With a lot of the deathfats I think that the loser of any conflict will be the one that falls over first.  A fall from any of them will do more damage than anything else.  This means extreme weight might actually factor in as an advantage, this along with balance and ankle condition.  

Charlie Gold is a shoe in though, it's not even fair to include her in the roster.  

My coach coin is on Sammie Bushart.  She's in her prime fighting age at 24 and I bet she's been in fights before.  She's a hair puller, I can tell.  She gets her mitt on some other deathfat's thinning hair or berka and she's going to pull them down to the ground.


----------



## ARAVIS (Dec 24, 2020)

Kelly lenza would use jerry as her shield.


----------



## Captain Ahab (Dec 24, 2020)

What you gotta do is lock Chantal in a cage for a week with low-calorie diet food and keep playing fast food commercials in front of her while wafting the smell of French fries and grilled cheese inside the cage 24/7. On the day of the fight, rub Arby’s grease into her opponents clothes. Ever seen a chained dog that has lost its mind from hunger?


----------



## NoFeline (Dec 24, 2020)

I am so mad that you didn't take the chance to call is Deathfat Death Battle


----------



## Pope Negro Joe the XIIIth (Dec 24, 2020)

Look at those biceps though, a sleeper hold and it's all over.


----------



## Lame Entropy (Dec 24, 2020)

A fight between Amberlynn and Chantal would be look like pathetic sumo wrestling but I'll give it to Chantal. Her pure rage and viciousness would give her the edge she needs even despite her age and health complications.

As for Amy, the almighty spoon is too OP. I would not allow it in the ring. The power of Allah already puts the other contestants at a disadvantage.


----------



## Dude Christmas (Dec 24, 2020)

Lame Entropy said:


> A fight between Amberlynn and Chantal would be look like pathetic sumo wrestling but I'll give it to Chantal. Her pure rage and viciousness would give her the edge she needs even despite her age and health complications.
> 
> As for Amy, the almighty spoon is too OP. I would not allow it in the ring. The power of Allah already puts the other contestants at a disadvantage.

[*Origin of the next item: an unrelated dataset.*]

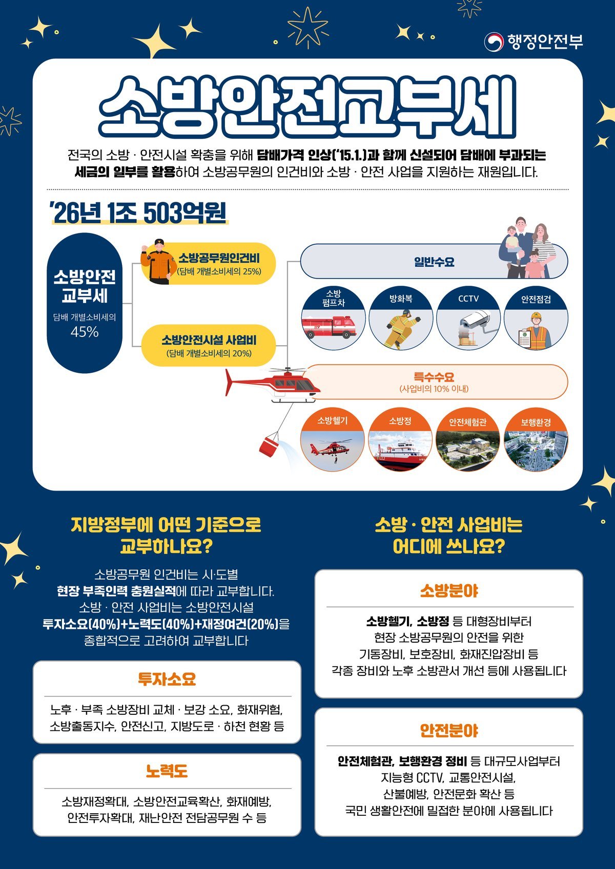 2026년 소방안전교부세 1조 503억 원 가운데 5,835억 원은 소방공무원 인건비로, 4,668억 원은 지방정부의 소방 및 안전 시설·장비 확충 등 안전관리를 위한 사업비에 사용된다.

Chantal would likely have a heartattack during or shortly after the fight.  She can barely breath and has hypertension.  Fun thread idea OP, I approve!


----------



## Slappy McGherkin (Dec 24, 2020)

Slaton sisters would win the Deathfat Title Belt in a tag team match against Chantal and Hamber, hands down! What a wicked headbutt! Amber's fallen and can't get up! Tammy lumbers on top of her for the pin! 1....2....3 it's over folks!!


----------



## Clown Baby (Dec 24, 2020)

Hermey The Crawling Chaos said:


> View attachment 1808005
> Look at those biceps though, a sleeper hold and it's all over.

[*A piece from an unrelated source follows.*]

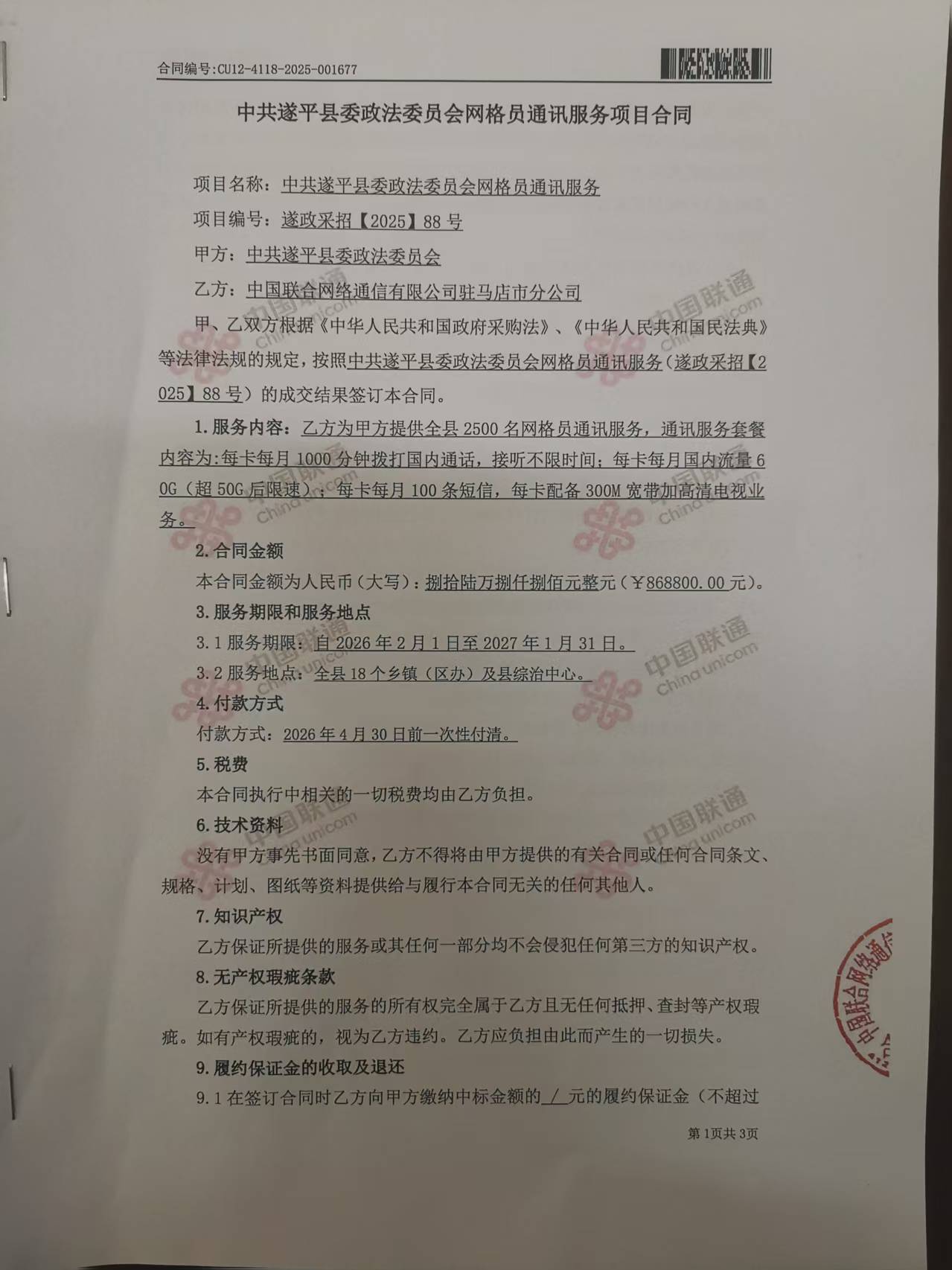 | 二、合同名称:网格员通讯服务 | ||||||||||||

Amber can barely move, though. All it would take is a more nimble fatty giving her a shoulder check and she'd be down, squealing and flailing. 

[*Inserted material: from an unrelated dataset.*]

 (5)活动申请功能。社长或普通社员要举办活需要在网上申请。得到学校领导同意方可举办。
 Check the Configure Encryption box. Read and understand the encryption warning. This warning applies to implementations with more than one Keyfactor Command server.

Sammie is a hood scrap. She could hold her own. Chantal is exactly the kind of cunt who would play as dirty as possible so I think she'd also put up a good fight.


----------



## C3PBRO (Dec 24, 2020)

I am also putting my money on hood rat Sammie and her bandolier of dead babbies. Even if she loses, we'll all win because she'll go live on Facebook screeching about a comeback special at a bus station.


----------



## escándalo (Dec 24, 2020)

Charlie Gold has a car though...


----------



## StrawberryDouche (Dec 24, 2020)

The only way Amy wins is if her opponent is 2 years old and weighs 30 pounds.

Charlie once stole the credit card of a one armed man so she could fly across the country just to pummel the only other woman in the world who would fuck a one armed man besides her. Fatly.


----------



## Cutlass Supreme (Dec 24, 2020)

Is biting allowed? Hair pulling? That would change everything.


----------



## gay frogs (Dec 24, 2020)

Jacob Marley said:


> Kelly lenza would use jerry as her shield.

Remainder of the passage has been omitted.